The surgical incision to treat an enchondroma can be palmar, dorsal, lateral, or fish mouth.[ In our experience, the advantage of a palmar incision is that this approach allows the tumor to be fully exposed, but a painful scar remains. A dorsal incision can easily injure the terminal extensor tendon. Based on the imaging, especially the results of CT 3-dimensional reconstruction, we prefer to choose the side with the defective bone cortex because this surgical approach is convenient for bone grafting. Standardized management of an enchondroma in the distal finger is important, especially when dealing with such rare tumors. A high-speed burr or hypercator cauterization is not suitable for cavity curettage because the finger cavity is too small.[ We used saline for medullary cavity brushing and dehydrated alcohol instillation to kill the tumor cells.

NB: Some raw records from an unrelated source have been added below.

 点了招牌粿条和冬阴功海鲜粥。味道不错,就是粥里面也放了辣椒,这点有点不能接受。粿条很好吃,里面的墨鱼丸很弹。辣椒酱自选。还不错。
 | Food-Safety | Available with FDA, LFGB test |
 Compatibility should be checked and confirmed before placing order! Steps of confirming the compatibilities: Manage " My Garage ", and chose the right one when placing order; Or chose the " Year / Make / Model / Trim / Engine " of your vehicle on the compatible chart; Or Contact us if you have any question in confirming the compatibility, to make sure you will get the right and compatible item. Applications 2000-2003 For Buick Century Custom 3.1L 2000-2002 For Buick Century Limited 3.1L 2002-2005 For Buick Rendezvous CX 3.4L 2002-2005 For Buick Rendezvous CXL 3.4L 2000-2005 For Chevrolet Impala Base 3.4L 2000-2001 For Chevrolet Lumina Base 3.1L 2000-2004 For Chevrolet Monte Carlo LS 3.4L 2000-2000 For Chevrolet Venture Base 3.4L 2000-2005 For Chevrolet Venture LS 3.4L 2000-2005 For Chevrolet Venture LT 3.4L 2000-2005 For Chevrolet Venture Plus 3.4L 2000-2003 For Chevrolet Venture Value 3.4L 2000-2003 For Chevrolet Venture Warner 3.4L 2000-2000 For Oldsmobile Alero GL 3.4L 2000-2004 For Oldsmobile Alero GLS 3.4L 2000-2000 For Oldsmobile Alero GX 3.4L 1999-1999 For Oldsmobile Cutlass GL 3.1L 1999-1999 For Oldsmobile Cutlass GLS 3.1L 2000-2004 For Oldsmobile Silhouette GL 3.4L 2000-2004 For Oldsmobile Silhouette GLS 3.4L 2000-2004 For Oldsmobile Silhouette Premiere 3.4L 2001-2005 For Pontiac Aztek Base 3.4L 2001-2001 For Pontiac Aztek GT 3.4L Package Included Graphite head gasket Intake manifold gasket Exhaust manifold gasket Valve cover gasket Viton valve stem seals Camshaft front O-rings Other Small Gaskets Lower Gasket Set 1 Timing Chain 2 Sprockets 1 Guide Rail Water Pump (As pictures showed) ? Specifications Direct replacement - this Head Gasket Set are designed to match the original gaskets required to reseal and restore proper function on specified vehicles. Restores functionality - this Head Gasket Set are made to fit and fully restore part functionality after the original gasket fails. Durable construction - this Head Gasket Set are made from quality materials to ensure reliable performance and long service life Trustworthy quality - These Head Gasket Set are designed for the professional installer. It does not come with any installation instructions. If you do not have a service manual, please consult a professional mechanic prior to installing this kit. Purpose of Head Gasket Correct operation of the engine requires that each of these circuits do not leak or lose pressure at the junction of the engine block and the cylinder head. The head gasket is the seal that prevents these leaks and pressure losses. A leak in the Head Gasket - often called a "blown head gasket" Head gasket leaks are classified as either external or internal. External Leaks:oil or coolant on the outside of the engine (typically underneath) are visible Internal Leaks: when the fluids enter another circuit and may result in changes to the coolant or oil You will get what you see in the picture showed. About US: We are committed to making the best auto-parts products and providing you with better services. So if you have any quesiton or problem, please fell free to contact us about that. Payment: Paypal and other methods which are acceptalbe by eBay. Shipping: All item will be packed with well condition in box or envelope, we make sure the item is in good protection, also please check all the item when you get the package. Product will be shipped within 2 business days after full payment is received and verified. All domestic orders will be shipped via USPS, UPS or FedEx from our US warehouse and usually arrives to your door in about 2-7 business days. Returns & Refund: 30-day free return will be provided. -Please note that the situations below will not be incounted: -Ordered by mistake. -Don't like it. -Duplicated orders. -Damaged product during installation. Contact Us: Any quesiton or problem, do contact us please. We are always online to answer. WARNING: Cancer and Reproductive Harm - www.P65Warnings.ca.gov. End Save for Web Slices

Such operations can be performed with a syringe needle.

For patients with an infection, bone grafting will increase the possibility of graft absorption. In our study, patients received antibiotic therapy preoperatively and debridement during the operation. Manchio et al[ and Schaller and Baer[ deemed bone grafting not to be necessary. However, if patients have large osseous defects or a pathological fracture, bone grafting is helpful for their early exercises and functional recovery.[ Considering the difficulty of a grafting operation in such a small cavity, we did not choose an autogenous bone graft. Instead, we found that an injectable calcium phosphate cement was an acceptable alternative. For patients that had bilateral cortical bone defects, bone grafting will irritate the soft tissue and cause a postoperative infection. We selected bone grafting only for patients with a controlled infection and unilateral defects (Fig. 4).

Figure 4

These images show a 51-year-old male with an enchondroma in his distal ring finger. (A, B) Preoperative radiography and (C, D) 1-year postoperative radiography after tumor curettage with a calcium phosphate cement graft shows bone union and no tumor recurrence.

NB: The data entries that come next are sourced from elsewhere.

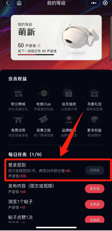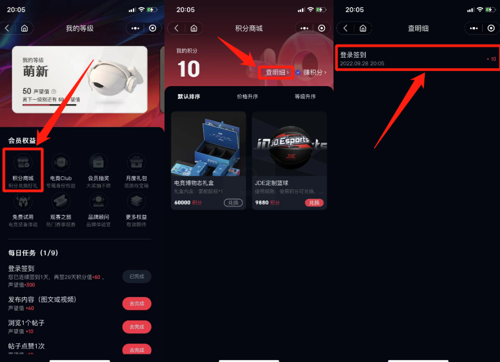 4、签到完成后点击”积分商城“,点击”查明细“,查看当前签到日期是否为首次登录签到日期:如果是则为新用户;有其他签到日期则为老用户
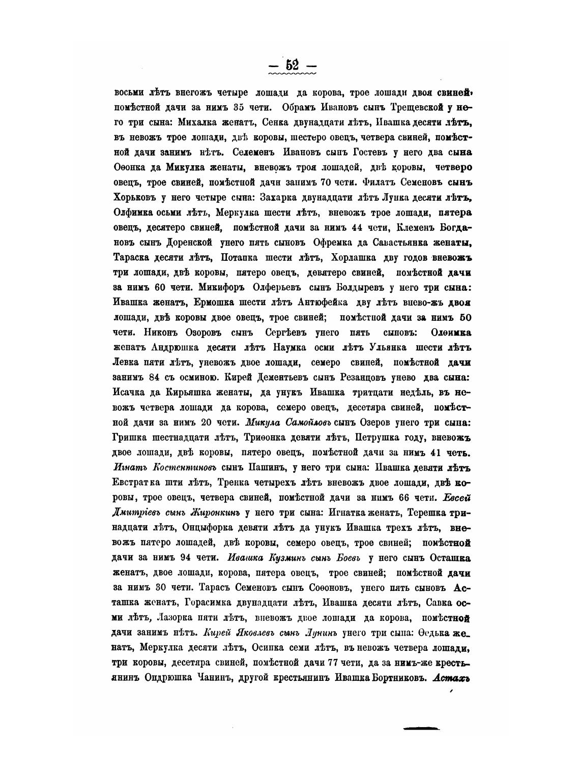 овецъ, трое свиней, пойстноЙ дачн занимъ 70 чети. Филать Сеценовь сынъ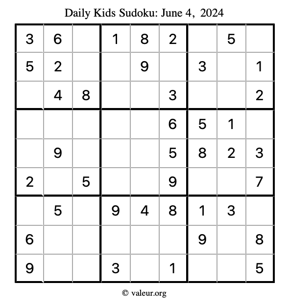 Kids Sudoku June 4, 2024 is not the only sudoku puzzle we have. We create a new kids sudoku puzzle every day for you to print and solve. Check out today's kids sudoku puzzle here!
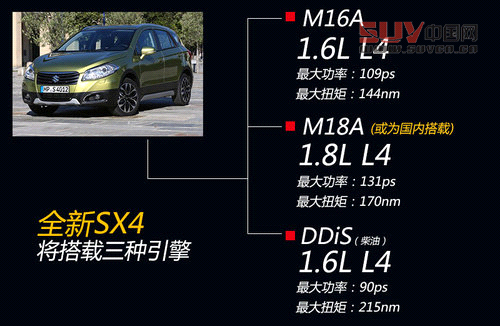 應用在鈴木車型中的M16A引擎已經有著不錯的市場口碑,出色的燃油經濟性是最大特點,而此次海外所發布的只公布了1.6L的汽油和柴油兩款引擎。而未來進入國內后,使用現款動力將是必然選擇,1.8L引擎也將搭載到新SX4中。不過在變速箱的匹配上,除了5速手動外,海外的模擬7速CVT變速箱有望替換現有的4AT變速箱。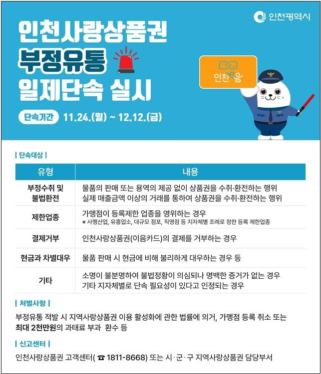 인천광역시(시장 유정복)는 11월 24일부터 12월 12일까지 인천사랑상품권의 부정 유통을 방지하고 건전한 유통 질서를 확립하기 위해 일제 단속을 실시한다고 밝혔다.

There are some limitations to our study. First, we had a relatively small group of patients available to assess due to the disease's rarity. Therefore, a prospective multicenter study is needed. Second, making a definitive diagnosis for the patients who present with pain or infection takes time, so those patients typically have more complications and a higher recurrence rate.

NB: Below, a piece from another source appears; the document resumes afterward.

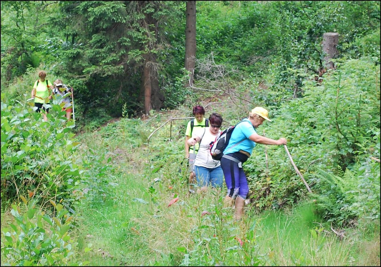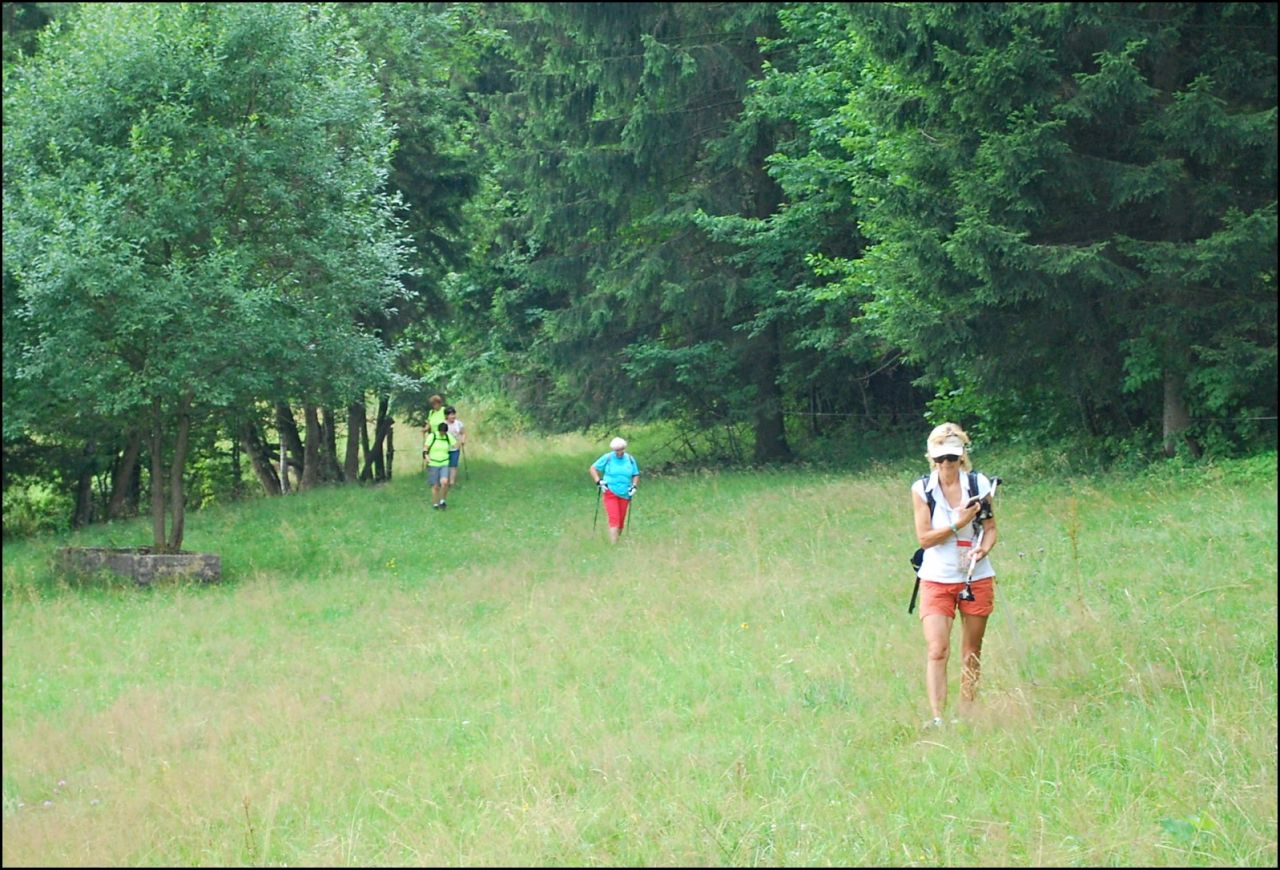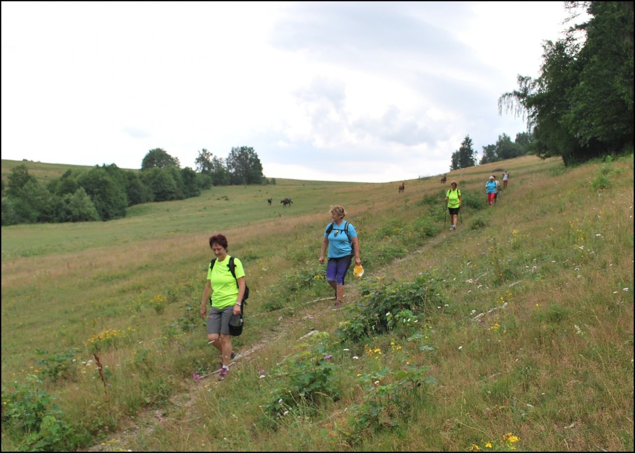 Od nádraží vyrážíme pozvolným stoupáním po zemědělské cestě na hraniční hřeben k polské hranici. Druhá strana je úplně jiná, lesnatá, cesty prudce klesají různými údolími a stržemi. Před vesnicí už jdeme po loukách, zrytých divokými prasaty, na kterých se pasou koně. Byla to krásná cesta divočinou.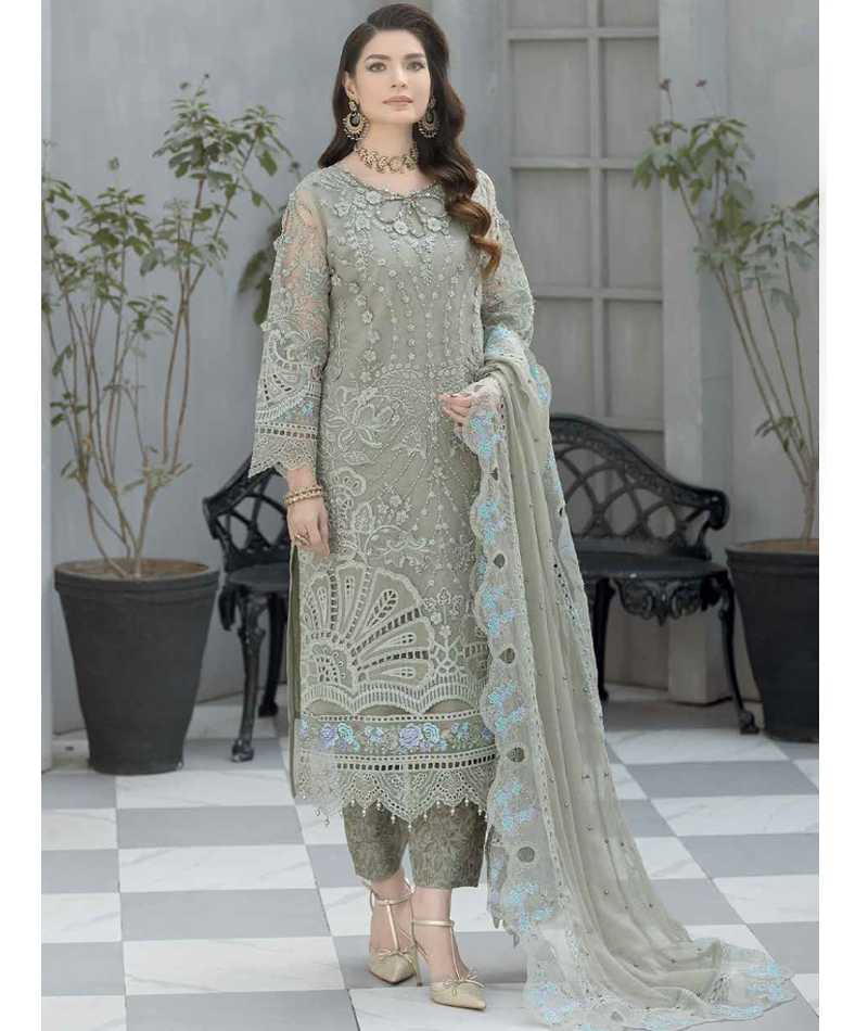 Ciera Luxury Organza D-002 * SHIRT:- SEMI-STICHED ORGANZA PARTY WEAR SHIRT * DUPATTA:- EMBROIDERED CHIFFON DUPATTA * TROUSER:- RAW SILK TROUSER

In conclusion, enchondroma in the distal phalanx of the finger has different clinical symptoms and features. Delayed treatment will result in serious consequences to patients, like amputations. Individualized surgery contributes to a good postoperative result. If patients have large osseous defects and a controlled infection, we recommend a bone graft. An injectable calcium phosphate cement is adequate for this purpose. Based on the results of CT 3-dimensional reconstruction, we prefer a surgical approach involving the side with the defective bone cortex. If patients have an infection or bilateral bone cortex defects, bone grafting is challenging.